----- Dataset section -----

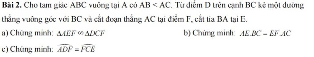 Bài 2. Cho tam giác ABC vuông tại A có AB < AC. Từ điểm D trên cạnh BC kẻ một đường
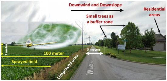 The study’s approach is based on the assumption that the primary cause of air pollution affecting urban–rural interface residents is the drift of pesticides from their intended targets, rather than industrial activities that emit pollutants into the air. This assumption is supported by evidence showing that over 60% of the nearly 600 complaints received by the Illinois Department of Agriculture in 2019 were related to pesticide drift (https://agr.illinois.gov/pesticides/pesticides-uses-misuses.html, accessed on 24 December 2023) and that the amount and potential for drift of organophosphate pesticides are comparable.
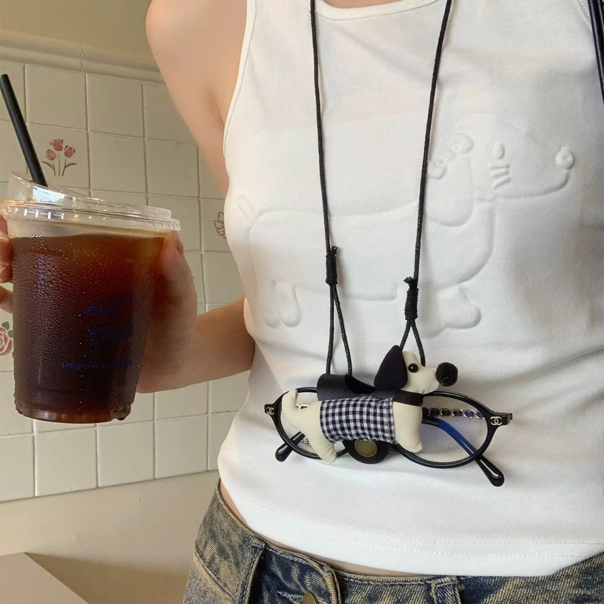 可爱小狗挂绳眼镜夹项链女假日出游高级感防脱落墨镜夹挂脖配饰品

-----

### Description of the task
Transcribe everything above exactly. Do not include the pictures.

### Result
 Bài 2. Cho tam giác ABC vuông tại A có AB < AC. Từ điểm D trên cạnh BC kẻ một đường
 The study’s approach is based on the assumption that the primary cause of air pollution affecting urban–rural interface residents is the drift of pesticides from their intended targets, rather than industrial activities that emit pollutants into the air. This assumption is supported by evidence showing that over 60% of the nearly 600 complaints received by the Illinois Department of Agriculture in 2019 were related to pesticide drift (https://agr.illinois.gov/pesticides/pesticides-uses-misuses.html, accessed on 24 December 2023) and that the amount and potential for drift of organophosphate pesticides are comparable.
 可爱小狗挂绳眼镜夹项链女假日出游高级感防脱落墨镜夹挂脖配饰品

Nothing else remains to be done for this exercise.